··· Data

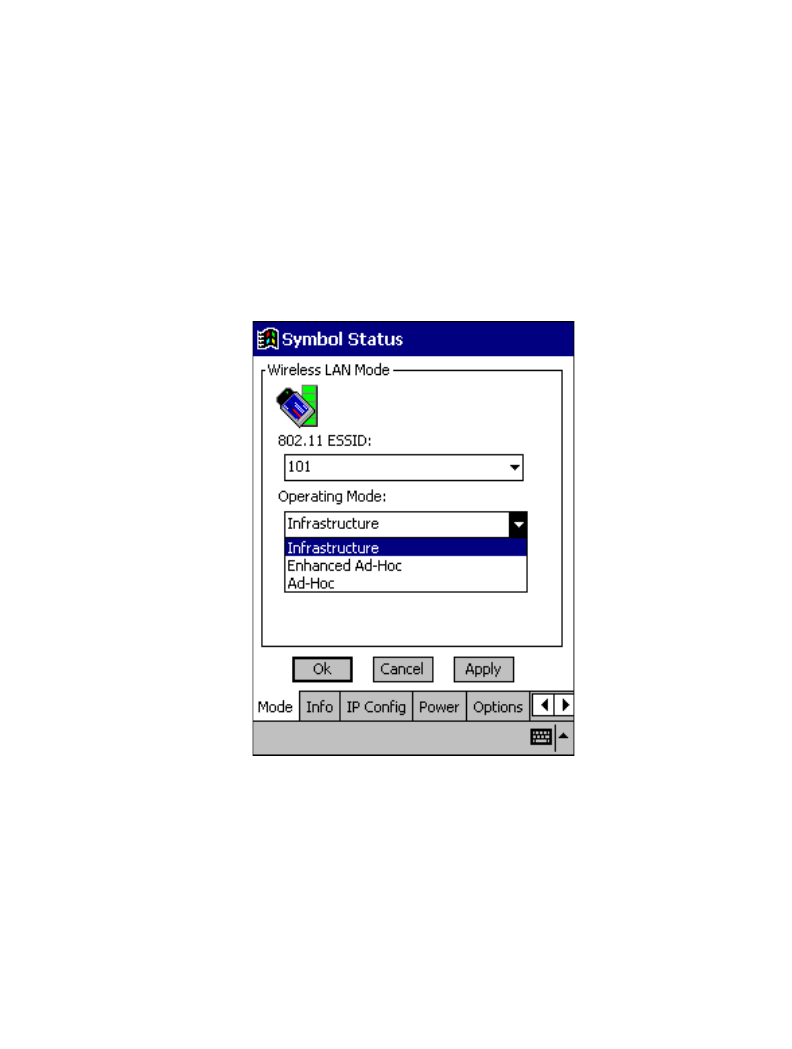 data with an access point. Infrastructure is the adapter default mode when Symbol
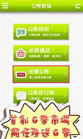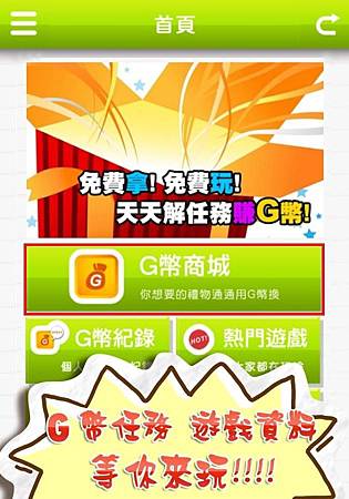 不只是下載執行任務,每天簽到也可獲得G幣喔!
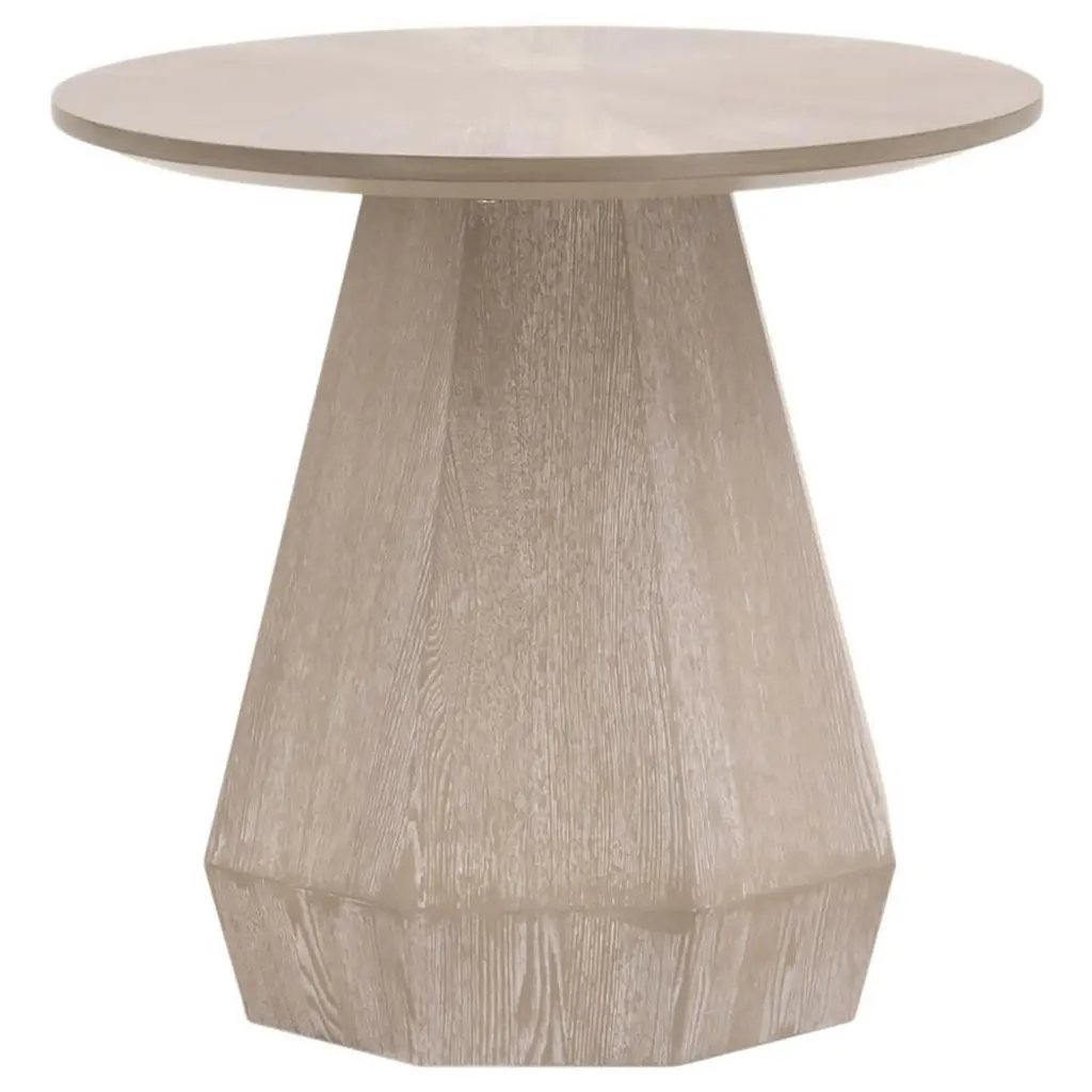 Unique Cone Base Pedestal Round End Table Contemporary Style Rubberwood Structure Oak Finish

······

Task description:
Your task is to retype exactly, and only, the lines from the one that holds "不只是下載執行任務,每天簽到也可獲得G幣喔!" through the end of the listing, both end lines included, without any pictures.

Reply:
 不只是下載執行任務,每天簽到也可獲得G幣喔!
 Unique Cone Base Pedestal Round End Table Contemporary Style Rubberwood Structure Oak Finish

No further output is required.